Oleh: Hendy Irawan Saleh
Seorang guru tak lekang dari ingatan. Sering kita dengar celotehan kawan-kawan saat reuni di almamater tentang guru. “Oh, saya masih ingat beliau pernah ngajar saya.” Atau tiba-tiba kita berjumpa sosok yang rasanya kita kenal, lalu kita hampiri sambil berkata, “Ustadz…afwan Antum Ustadz Lukman kan? Saya Dodi, Stadz… murid Antum dulu waktu di madrasah. Antum mengajar Ilmu Akhlaq kelas 3 Ibtidaiyah.”
Lalu guru kita bilang, “Wah, Saya lupa tuch, alhamdulillah kalau gitu.”
Dialog ini seperti mengajari kita, bahwa seorang murid biasanya ingat pernah dididik oleh guru A, atau pernah diingatkan oleh guru B. Bahkan pernah dibentak oleh Kyai Fulan. Dan kenangan itu seperti masih terasa, saat kita sudah menikmati kesuksesan, atau sebaliknya na’udzubillah.
Itulah guru, ustadz, kyai atau mentor. Yang selalu berada di “urutan belakang” di balik sebuah prestasi muridnya. Namun ironi ini tak pernah mereka komplain, karena sejatinya tanpa tanda jasa semakin mengikhkaskan hati mereka dalam mendidik. Kebanggaannya adalah saat muridnya atau santrinya lebih baik dari dia. Lebih baik akademisnya, lebih baik prestasinya, moralnya, bahkan lebih baik nasib hidupnya.
Gurulah sebagai pondasi bangsa.
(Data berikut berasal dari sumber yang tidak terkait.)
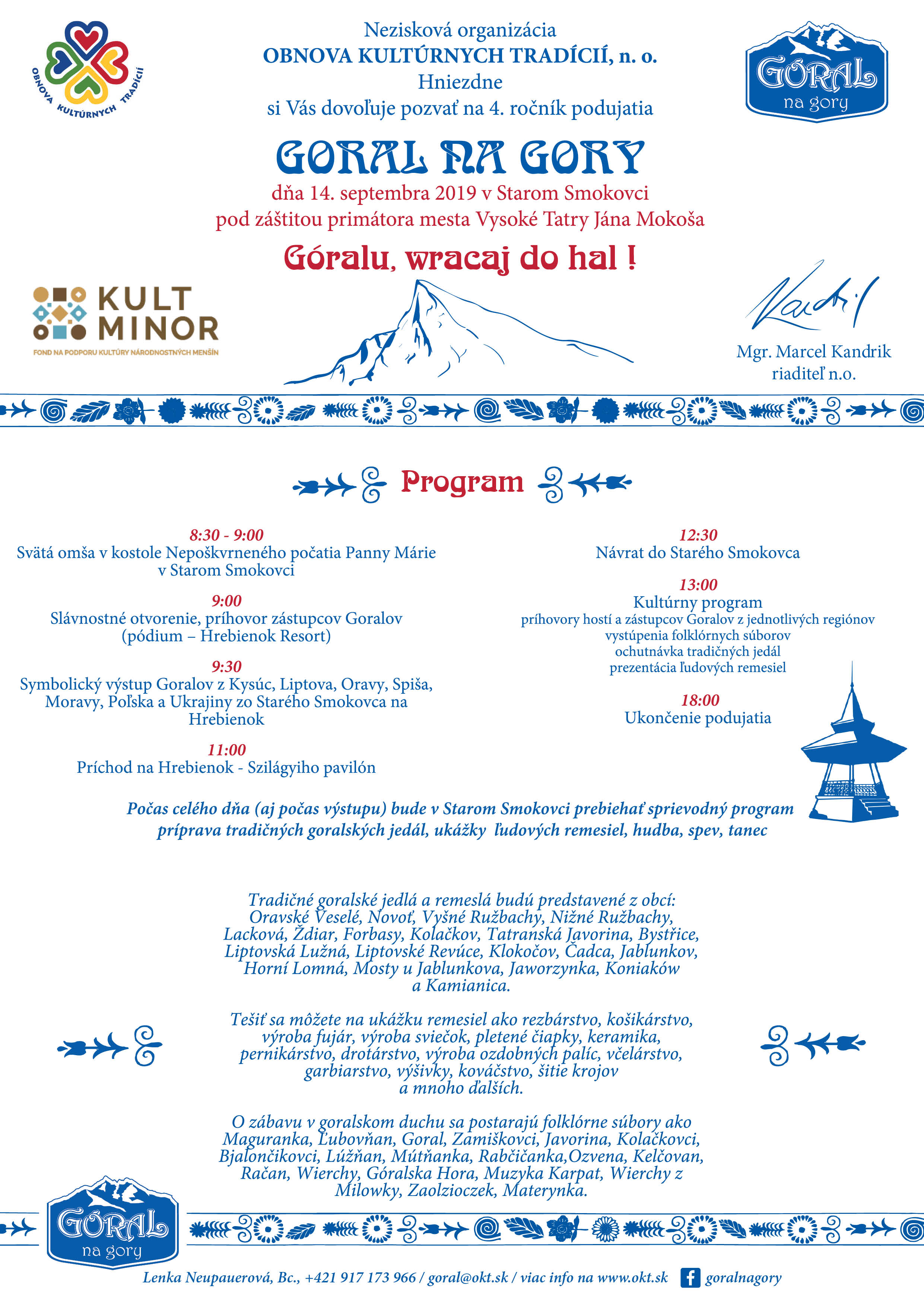 Celodenné medzinárodné stretnutie Goralov už štvrtý rok spája nielen Goralov zo všetkých goralských regiónov Slovenska, Českej republiky, Poľska a Ukrajiny, ale aj priaznivcov goralskej kultúry, tradícií, návštevníkov Tatier a milovníkov turistiky. Hlavným bodom programu je už tradičný symbolický výstup Goralov zo Starého Smokovca na Hrebienok.

Maka ketika hendak memulai restorasi negeri setelah dihancurkan bom atom, Kaisar Jepang bertanya, “Ada berapa guru yang tersisa?” Bukan berapa samurai yang masih siaga. Betapa visionernya sang kaisar.
Lebih visioner lagi Kanjeng Nabi Muhammad SAW. Sejak 14 abad lalu beliau sudah mendeclare bahwa beliau seorang pendidik. Seorang coach. Yang menghasilkan para sahabat radhiyallahu anhu. Para imam, para ulama yang tetap berpegang teguh pada ajarannya.
َإِنَّمَا بُعِثْتُ مُعَلِّماً
“Sesungguhnya aku diutus sebagai pendidik” (HR. Ibnu Majah dari Ibnu Amru ra).
Adakah diantara kita yang bercita -cita jadi guru? Mungkin ada tapi tidak banyak. Sebab, menjadi guru harus utuh..harus “kaaffah” sehingga kekafahan jiwa dalam mengajar akan menuai hasil sesuai visi guru itu. Visi yang lebih dari sekedar mengajar (transfer knowledge) tapi lebih dari itu bergerak lebih visoner yaitu guru sebagai pendidik, guru sebagai contoh yang dapat dilihat. Bukan didialam kelas saja melainkan justru di luar bangku belajar. Guru Yang bertransformasi from teaching to coaching.
Never ending coaching istilahnya. Karena pendidikan setelah kelas itulah yang lebih menghasilkan. Sebab terjun langsung dalam aplikasi ilmu (baca: praktek) seringkali menghadirkan ide-ide baru dalam berkesaharian. Boleh jadi experience is the best teacher. But the best teacher give many experiences.
Belajarlah, terdidiklah, terinspirasilah dari seorang guru. Karena 1 guru memiliki banyak pengalaman untuk kita serap. Kalaulah budi mereka tak pernah surut oleh zaman, lalu bagaimana dengan pahala yang mengalir hingga hari akhir? Apalagi guru ngaji Al-Quran, betapa mulianya para guru.
Selamat Hari Guru untukmu wahai Para kyai, ustadz, guru, mentor, pembina.
Teruntuk pahlawan kehidupan kami. Atas budi baikmu, terimalah doa yang terus kami hantarkan untuk kebahagiaanmu sekeluarga.